Williams v The Queen

Case

[2020] NZCA 666

18 December 2020 at 9 am


IN THE COURT OF APPEAL OF NEW ZEALAND

I TE KŌTI PĪRA O AOTEAROA

 CA537/2020
 [2020] NZCA 666

BETWEEN

JOHN ALLAN WILLIAMS
Applicant

AND

THE QUEEN
Respondent

Court:

French, Whata and Mander JJ

Counsel:

Applicant in person
S E Trounson for Respondent

Judgment:
(On the papers)

18 December 2020 at 9 am

JUDGMENT OF THE COURT

The application for leave to appeal is declined.

____________________________________________________________________

REASONS OF THE COURT

(Given by French J)

  1. Mr Williams was convicted following a judge-alone trial in the District Court of a charge of intentionally obstructing a police officer.[1] Judge Gibson sentenced him to a term of imprisonment of two months.[2]  Mr Williams appealed to the High Court where Wylie J dismissed his appeal against conviction but reduced the sentence from two months’ imprisonment to one month’s imprisonment.[3]

    [1]Police v Williams [2020 NZDC 11463; and Summary Offences Act 1981, s 23(a).

    [2]Police v Williams [2020] NZDC 11349.

    [3]Williams v Police [2020] NZHC 2142 [High Court decision].

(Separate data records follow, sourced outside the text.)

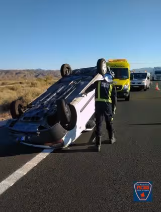 El suceso ha ocurrido poco después de las 8.00 horas, en el kilómetro 11,700 de la A-33 sentido Murcia, cuando un vehículo con varias personas en su interior ha volcado, por causas que se desconocen.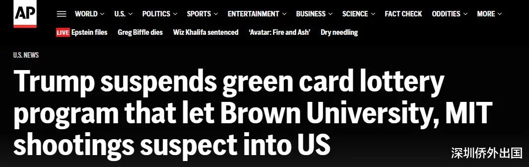 暂停多元化绿卡抽签计划据美联社2025年12月19日报道,美国总统川普下令暂停多元化绿卡抽签计划。该决定是在一起涉及布朗大学和麻省理工学院的枪击案件后作出的。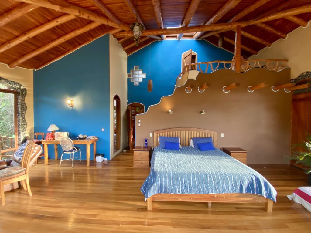 - The Red House is the largest and most elegant of the three. It features a spacious kitchen with granite countertops, a double sink, an island with a stove and oven, and two large pantry and storage areas. The open-concept design creates fluid spaces between the kitchen, dining area, and living/entertainment area, which is flooded with natural light from large picture windows on both sides. There is also a wooden bar area with space for 4-6 bar stools. Upstairs, the master bedroom includes an office wing, large windows, a wraparound balcony, a walk-in closet that doubles as a safe room, and a luxurious en-suite bathroom with a jacuzzi tub, bidet, and shower. The house also includes a loft space, additional 2+ bedrooms, 3.5 total bathrooms, and a large covered patio perfect for enjoying the valley views. There is also a large storage room that could be turned into a 4th bedroom or a caretakers suite with its own separate entrance as it also has a door to the outside.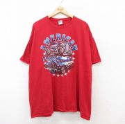 XL★古着 半袖 Tシャツ メンズ 車 クラシックカー コットン クルーネック 赤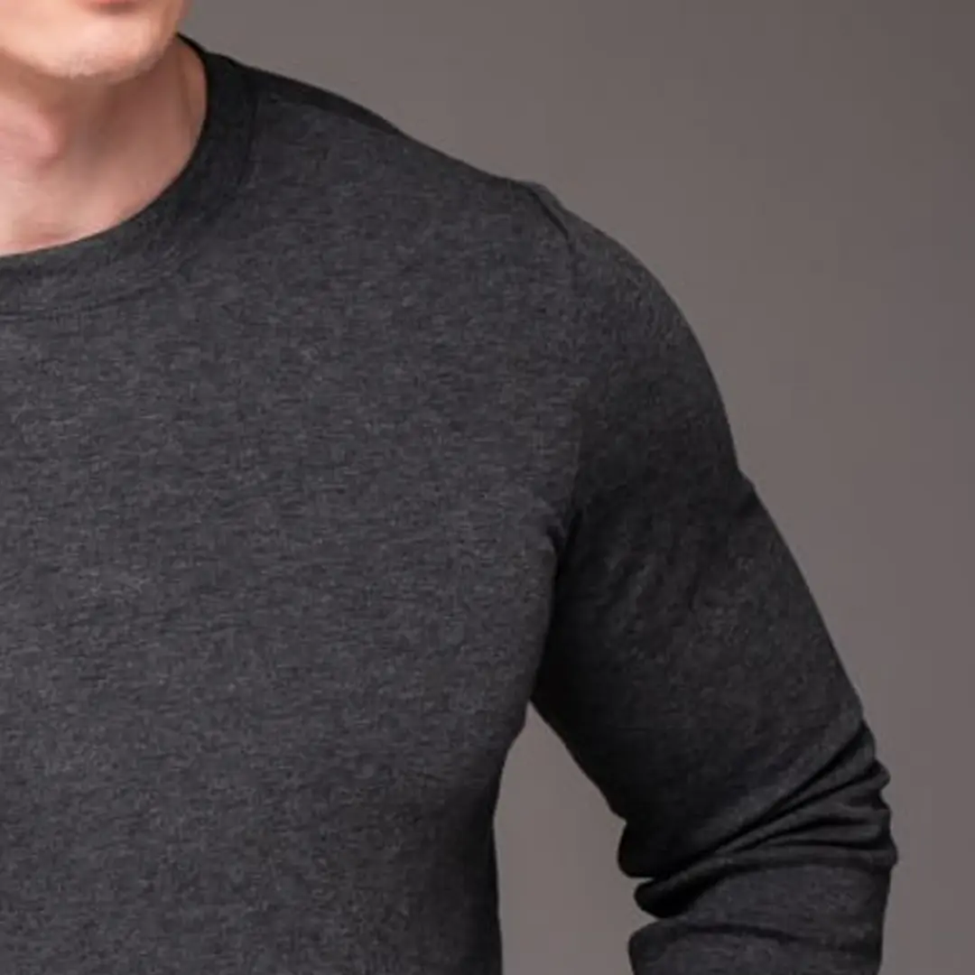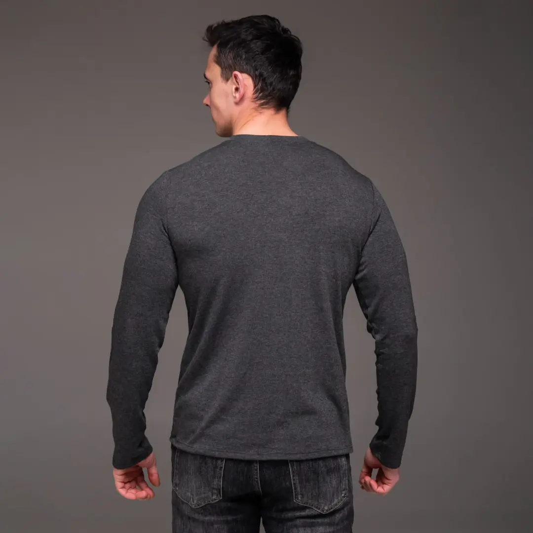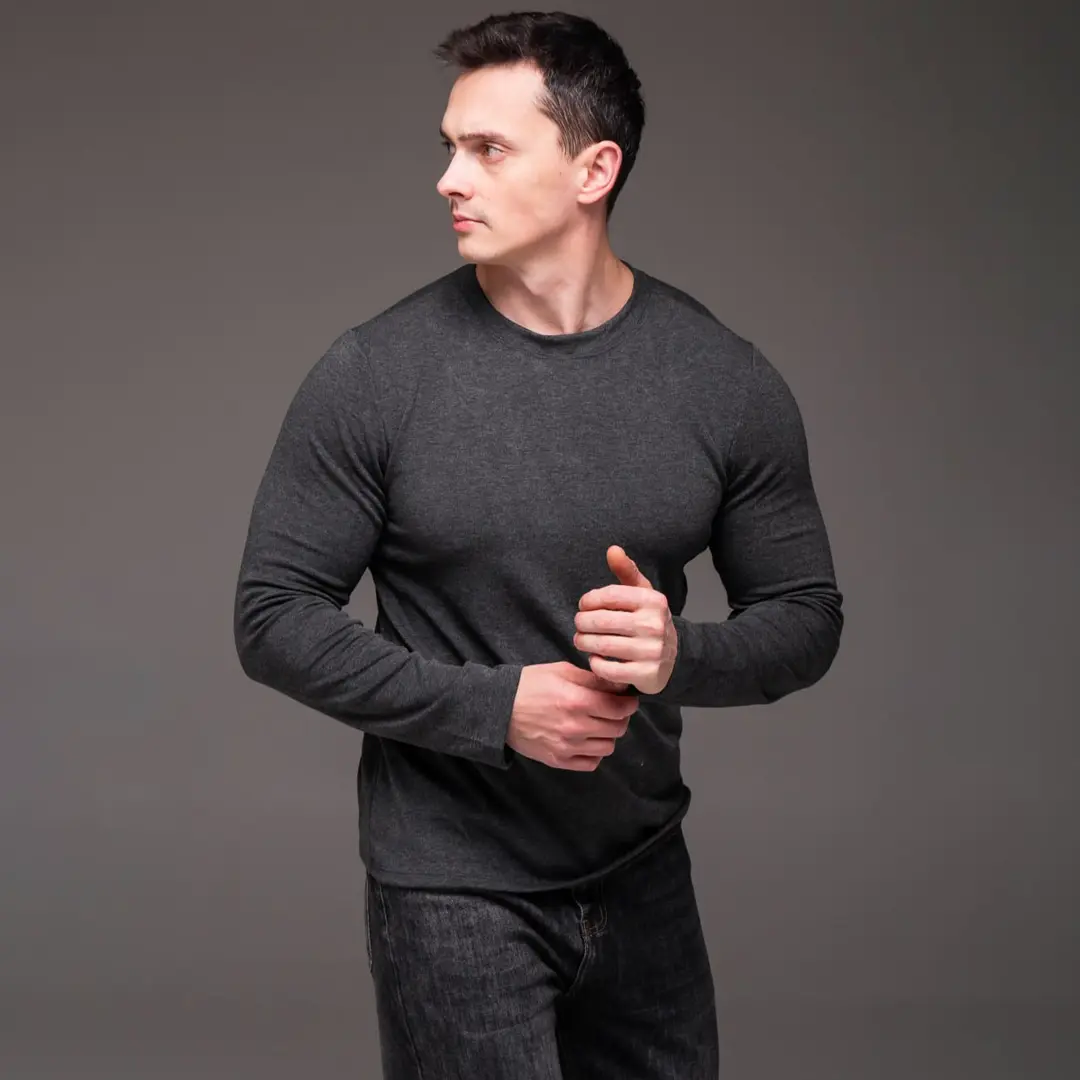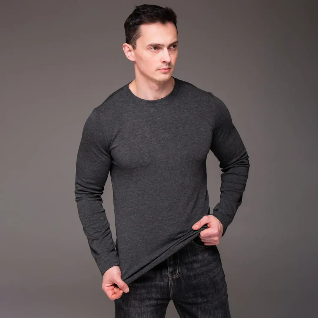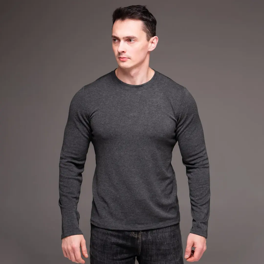 Темно-сірий відтінок – один із найуніверсальніших у чоловічому гардеробі. Він не маркий, не впадає у вічі, але завжди виглядає акуратно. Такий лонгслів однаково доречний вдома, на тренуванні чи під час прогулянки.

  2. Mr Williams now seeks leave to appeal to this Court.  Leave is required because it would be a second appeal.[4]  The proposed appeal is against both conviction and sentence. 

    [4]Criminal Procedure Act 2011, ss 237(1) and 253(1).

  3. In a minute dated 6 October 2020, Brown J directed the application for leave was to be heard on the papers.

Background

  1. The case has its genesis in an incident at a police traffic checkpoint.  A constable stopped the vehicle Mr Williams was driving for the purposes of administering a breath screening test using a passive breath testing device.  There was an argument.  According to the police evidence, Mr Williams disputed the constable’s right to require him to do that.  He refused to wind his window down fully (it was open a few centimetres) and became abusive.  When another police sergeant repeated the request to wind down the window and Mr Williams again refused, the sergeant broke the car window and forcibly removed Mr Williams from the car.

  2. Mr Williams was then taken to a police station where he returned a zero reading for his breath test.

  3. Police charged him with resisting a constable in the execution of his duty under s 23 of the Summary Offences Act 1981.  Despite Mr William’s objection, that charge was subsequently amended by leave at the close of evidence in the District Court to a charge of intentionally obstructing a constable under that same section.[5]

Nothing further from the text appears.